As we can see, Babuk uses a file queue backed by an array. By keeping track of the head and tail indices, adding and removing file names from the queue take a constant time and are really fast.

With all of these new changes to the implementation, this new version of Babuk is much faster than the original one. Unfortunately, there is still a lot more room for improvement since it is nowhere near Conti and other ransomware in terms of speed and efficiency.

With an array-backed queue, space is limited. As we can see in the enqueue function, there is no check to see if the queue is full before adding more files onto it. In the theoretical case where all the threads are busy encrypting files and the queue is full, the parent thread will continue adding more files. Since this is a circular queue, this will result in files being overwritten with new ones before the child threads have a chance to encrypt them if the parent thread is fast enough.

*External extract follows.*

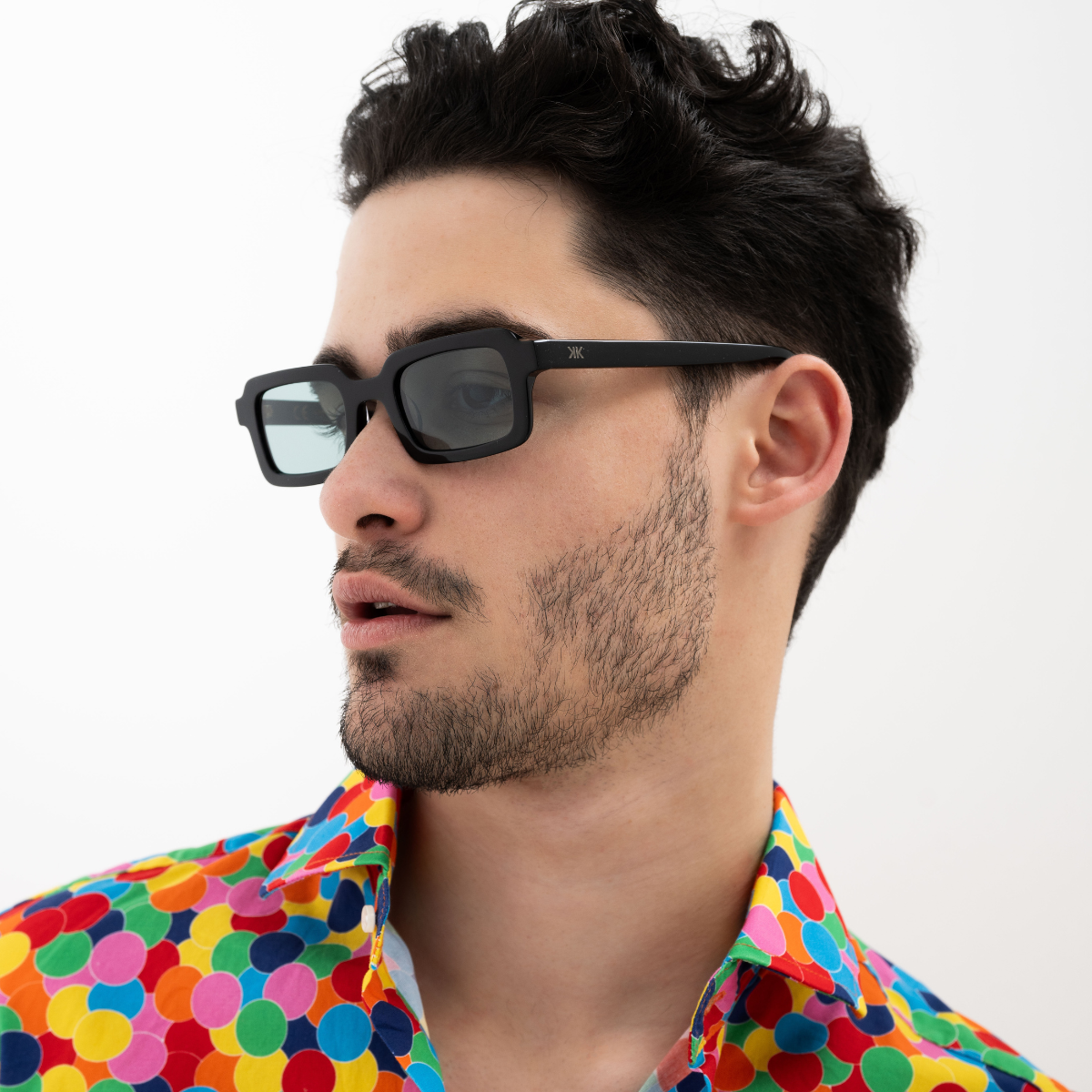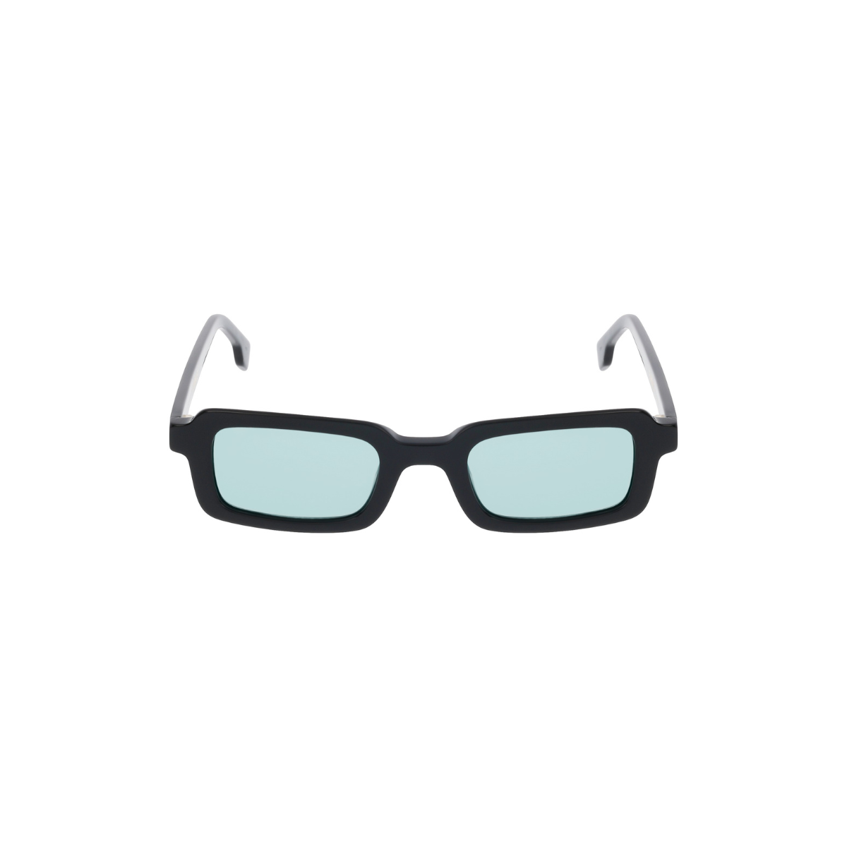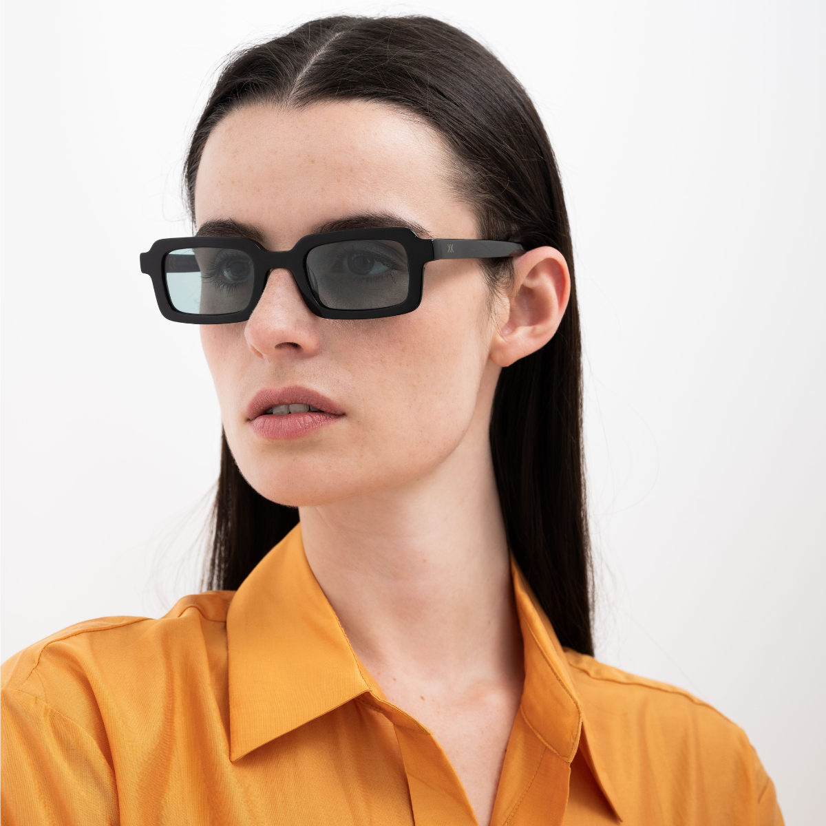 Montura negra brillante con lentes verde sólido (“Solid Green”), que aportan un estilo sobrio, elegante y adaptable a cualquier look.

Moreover, the malware author still sticks with the old recursive approach to traversing files. With only the parent thread traversing entire drives, there will be an extreme amount of overhead from the stack frame since there will be too many recursion layers. This essentially makes the total encryption time dependent on the time it takes for one thread to traverse the entire system.

Encryption

Encryption scheme remains the same from the original version. However, there is a slight change in the ChaCha8 key generation.

For every file, a random buffer of 32 bytes is generated using CryptGenRandom.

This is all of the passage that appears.